Chemical companies don't want to be left out of the Natural Gas Game Changer that lies ahead. Chemical makers are vying to build the first new U.S. ethylene plants, known as crackers, since 2001.
Dow Chemical (DOW) just applied for a federal permit to build the company's biggest ethylene plant as cheap natural gas gives manufacturers a cost advantage. Ethylene is used in the production of just about every product you can imagine. The proposed plant would produce 1.5 million tons of Ethylene per year, which is the same size as Texas ethylene plants proposed by Chevron Phillips Chemical Co. and Exxon Mobil Corp. (NYSE:XOM) and it would be Dow's largest in the world.
Formosa Plastics Corp. USA is citing new natural gas supplies as a reason for a massive $1.7 billion expansion of its plastics and petrochemicals site in Point Comfort, Texas. Westlake Chemical Corp. and Nova also are increasing ethylene capacity at existing locations.
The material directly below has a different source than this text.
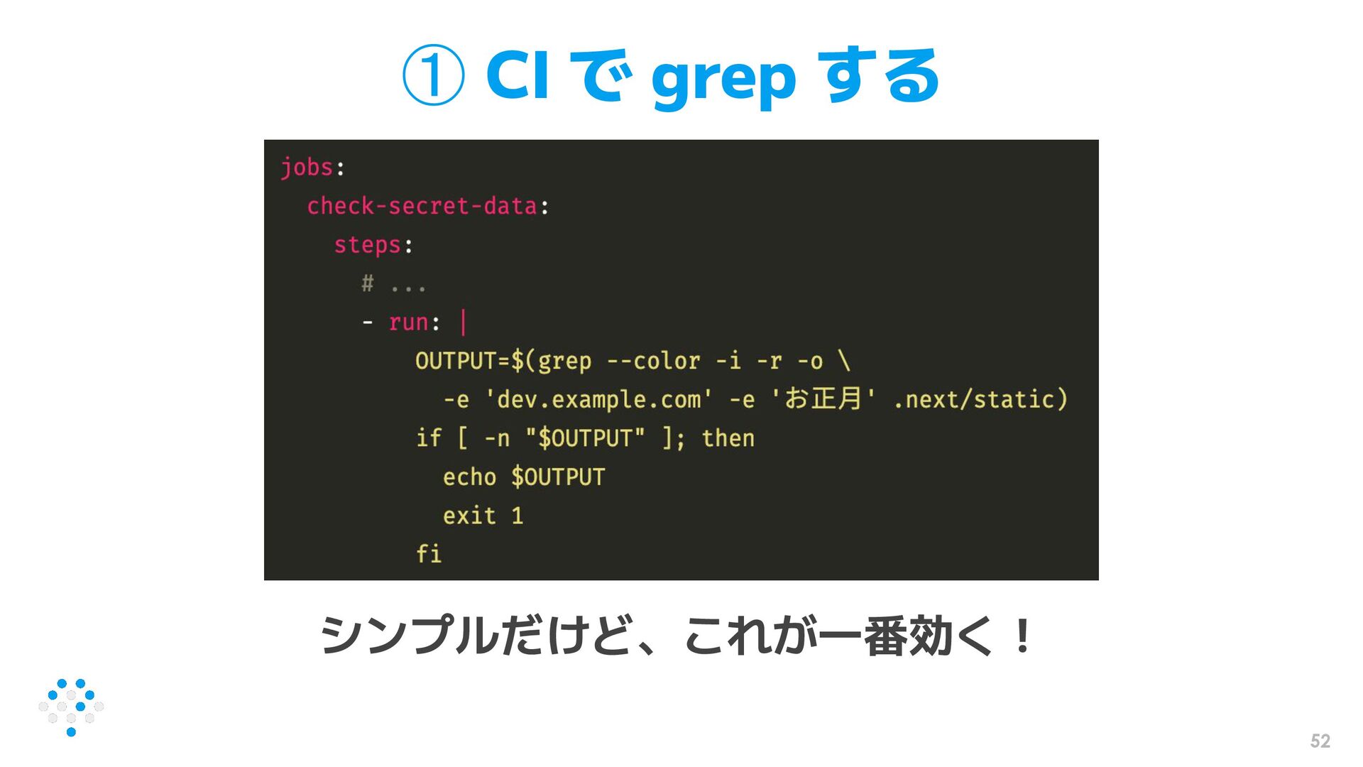 52 ① CI で grep する シンプルだけど、これが一番効く!

LyondellBasell Industries, and Eastman Chemical (NYSE:EMN) have also announced plans to either build or reopen new energy and chemical plants in the U.S.
These companies will usher in other manufacturers who want to buy their plastics and chemicals for their own manufacturing at much lower prices. This is all being made possible because of the technology of hydraulic fracturing opening up vast amounts of cheap resources here in America, and CJES is at the heart of where this is all taking place. Not only are they at the heart of the boom, they happen to be the best performing and cheapest stock in the space. My target for CJES remains over $40 per share. It is a fast growing small cap stock in a growth industry trading as a deep value play at the moment.
Disclosure: I am long CJES, RES. I wrote this article myself, and it expresses my own opinions. I am not receiving compensation for it (other than from Seeking Alpha). I have no business relationship with any company whose stock is mentioned in this article.
Additional disclosure: CJES is our clients' largest holding in general, and my largest holding personally.